Hunter Hall entities, which collectively have beneficial ownership of, or control or direction over, common shares of the Company carrying more than 10% of the voting rights attached to all outstanding voting securities of the Company, acquired 20,000,000 special warrants, representing approximately 39% of the special warrants issued. If a receipt for a final prospectus in respect of the special warrants is obtained within 45 days following closing, the Company believes that, following the exercise of the special warrants, these parties will collectively have beneficial ownership of, or control or direction over, approximately 68,457,945 common shares of the Company, which would represent approximately 39% of the then total number of outstanding common shares of the Company, assuming the exercise of all outstanding special warrants.
Financing structure
BlueScout issued 51,081,154 special warrants at a price of $0.06 per special warrant and 1,200 debenture units at a price of $1,000 per debenture unit.
Special Warrant Offering
The special warrants are exercisable (for no additional consideration) into common shares and warrants of the Company (with each underlying warrant entitling the holder to purchase one common share of the Company for a three year period at a price of $0.10 per share) at any time following the closing, and all unexercised special warrants will be deemed to be exercised on the earlier of: (a) the date that is four months and one day following the closing, and (b) the third business day after a receipt is issued for a final prospectus in each of the provinces of Canada where special warrants were sold qualifying the distribution of the common shares and warrants (and underlying warrant shares) issuable on exercise of the special warrants. If a receipt for a final prospectus is not obtained within 45 days following closing, a holder of special warrants will be entitled to receive (for no additional consideration) an additional 10% of the special warrants it holds. Until a receipt is issued for the final prospectus, the special warrants (and any underlying securities) will be subject to a hold period under applicable Canadian securities laws until December 25, 2012.
Debenture Unit Offering
Each debenture unit consists of one 10% unsecured convertible subordinated debenture and warrants to purchase 2,500 common shares. The debentures will mature on August 24, 2015, and are convertible at the holder's option into common shares at any time before the maturity date at a price of $0.10 per share. The debentures will automatically convert into common shares at this price if, at any time between the first and third anniversaries of closing, the closing price of the Company's common shares exceeds $0.12 for 30 consecutive trading days. The warrants forming part of the debenture units bear a three year term and are exercisable at a price of $0.10 per share. All securities issued under the debenture unit offering (including underlying securities) will be subject to a hold period under applicable Canadian securities laws until December 25, 2012.
Agent Compensation
The Company retained Stifel Nicolaus Canada Inc. and Fraser Mackenzie Limited (the "agents") to act as agents on the offerings, and paid the agents a cash fee equal to 6% of the gross proceeds of the offerings, as well as broker warrants to purchase: (a) units consisting of common shares and warrants of the Company equal to 6% of the total number of special warrants sold, exercisable for a two year period at a price of $0.06 per unit, with each underlying warrant bearing terms substantially similar to those of the warrants forming part of the special warrants; and (b) 720,000 common shares, exercisable for a three year period at a price of $0.10 per share. All securities issued to the agents (including underlying securities) will be subject to a hold period under applicable Canadian securities laws until December 25, 2012.

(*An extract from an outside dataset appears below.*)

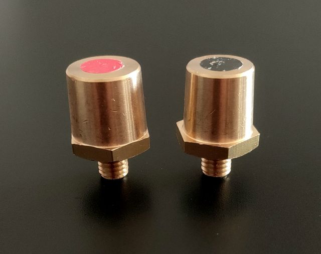 Detalles del productoConectores para batería, dos unidades en total. Son de latón en color dorado y tienen una pequeña marca roja (positivo) y negra (negativo)en la parte superior

The financing is subject to certain conditions including, but not limited to, the final approval of the TSX Venture Exchange.
The participation of the management team and Hunter Hall in the offering constitutes a related party transaction under Canadian Multilateral Instrument 61-101 ("MI 61-101"), but the offering is exempt from the formal valuation and minority approval requirements of MI 61-101.
About BlueScout
BlueScout Technologies (TSXV: SCT) increases energy production and decreases operating costs by applying groundbreaking microgeographical wind flow sensing to turbine control systems that increases the effectiveness and availability of wind turbines. BlueScout combines precise, optically based wind forecasting with advanced predictive control architectures to ready the turbine for the imminent wind inflow changes - optimizing energy production and reducing the harmful effects of wind turbulence on the turbine. With extensive operating data on multiple wind turbine models, BlueScout is the leading, value-added innovator in wind turbine performance and optimization.
The team consists of experienced high-tech, R&D and manufacturing engineers, innovative entrepreneurs, and proven leaders. The BlueScout team has unique expertise and shares a firm commitment, as part of the wind power industry, to continuously improve the reliability of wind power generation through innovation. For more information, visit www.BlueScout.com.
Neither TSX Venture Exchange nor its Regulation Services Provider (as that term is defined in the policies of the TSX Venture Exchange) accepts responsibility for the adequacy or accuracy of this release.
SOURCE: BlueScout Technologies
BlueScout Technologies, Inc.
John E. Green
CFO & Treasurer
+1 703-956-6554
[email protected]
TMX Equicom
Philip Dale
Investor Relations
416-815-0700 ext. 253
[email protected]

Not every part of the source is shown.